Capítulo 27: Diversos tipos de mapas para evitar el fuego

发布时间: 2026-05-24 22:34:00
A+ A- 关灯

Al recordar que justo en la mitad de la ladera, Huo Ningyu había dejado a dos personas para que custodiaran la entrada de la cueva, probablemente esta entrada estuviera conectada con ella. El abad del lugar, al oír los ruidos, salió inmediatamente y se dirigió hacia la ventana trasera.

“¡Señor Zhao!” Wan Qingdai se sorprendió aún más.

“Señor, ¿debemos bajar ahora?” preguntó Yu Zheng. En ese momento, vieron a una monja mirando afuera.

“Qingdai, he llamado al señor Zhao para que te saque de aquí. Hay un gran problema en este templo de Putuo, no podemos quedarnos mucho tiempo. Debemos irnos ahora mismo”, dijo Huo Ningyu con urgencia.

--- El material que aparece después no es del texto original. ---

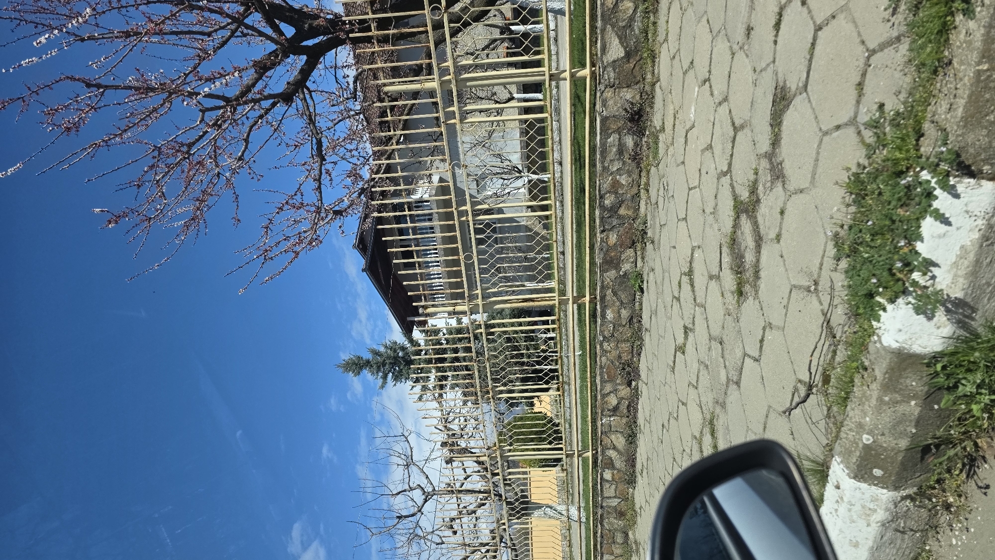 street scene in Kocherinovo, Bulgaria. On the left, a bare tree with sparse pink blossoms reaches towards a clear blue sky. A two-story house with a brown roof is visible behind a light yellow metal fence. The fence runs along a stone and concrete sidewalk paved with hexagonal tiles. Patches of grass and weeds grow along the edge of the sidewalk. A small portion of a car's side mirror is visible in the lower right corner of the frame. The overall impression is one of a quiet residential street in early spring.

“Espera un momento, probablemente no se hayan ido muy lejos. Si activamos el mecanismo, el ruido que generará se escuchará”, calculó Zhao Bingyu. “Jingning, ¿has visto algo?”

“Lin Yu, ve a llamar a algunos hermanos más; yo y Yu Zheng bajaremos primero”. Ella sabía que esa noche tomarían medidas basándose en las palabras que había escuchado debajo de la ventana del abad. “Abad, parece que acabo de ver algo junto a la ventana trasera”.

“Sí.”

“Pero mi padre no me dejará volver, y mi madrastra estaría encantada si muriera aquí”. Wan Qingdai se arrepintió de no haber sido más cuidadosa. “Miau…”, un gato de color blanco y negro saltó desde el alero del edificio.

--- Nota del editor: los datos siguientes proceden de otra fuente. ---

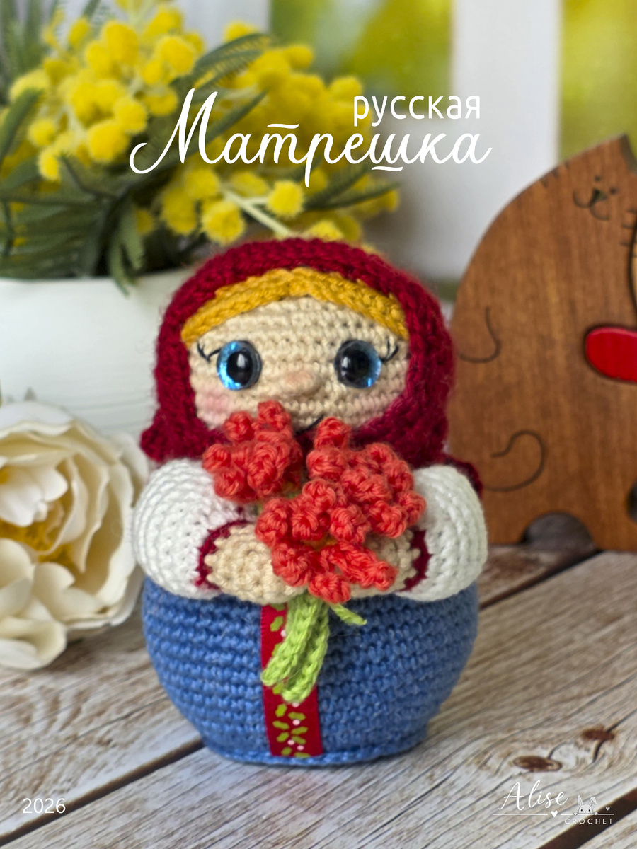 Цвета. красный/золотой/зеленый/белый. Такая матрешка — это не просто сувенир с ярмарки, а культурный код, понятный каждому. А какие символы на матрешках знаете вы? Техника: вязание крючком Размер: 9,5 см Дата проекта: 14.02.2026 Материалы: наполнитель, глазки

Sus ojos habían sido engañados por su hermana menor. Zhao Bingyu, al ver que ya era hora de activar el mecanismo, escuchó pasos fuera.

“¿Qué tanto alboroto por un gato? Creo que lo que realmente quieres es ir a buscar agua”.

Sería bueno que su hermano mayor estuviera en casa; seguramente habría rogado por ella ante su padre, pero lamentablemente él no estaba. “Es que no he visto bien”, dijo ella.

En un momento de desesperación, lo único en lo que pensó fue que, cuando Huo Ningyu se enterara, seguramente vendría a visitarla.

La monja llamada Jingning admitió su error con respeto. No la decepcionó; realmente vino.

Zhao Bingyu vio que eran el abad del templo de Putuo y la monja llamada Jing’an.

“¡Aún no te retires!”

“Hablemos después de irnos primero a mi casa. Pensaremos en lo demás cuando regresemos”.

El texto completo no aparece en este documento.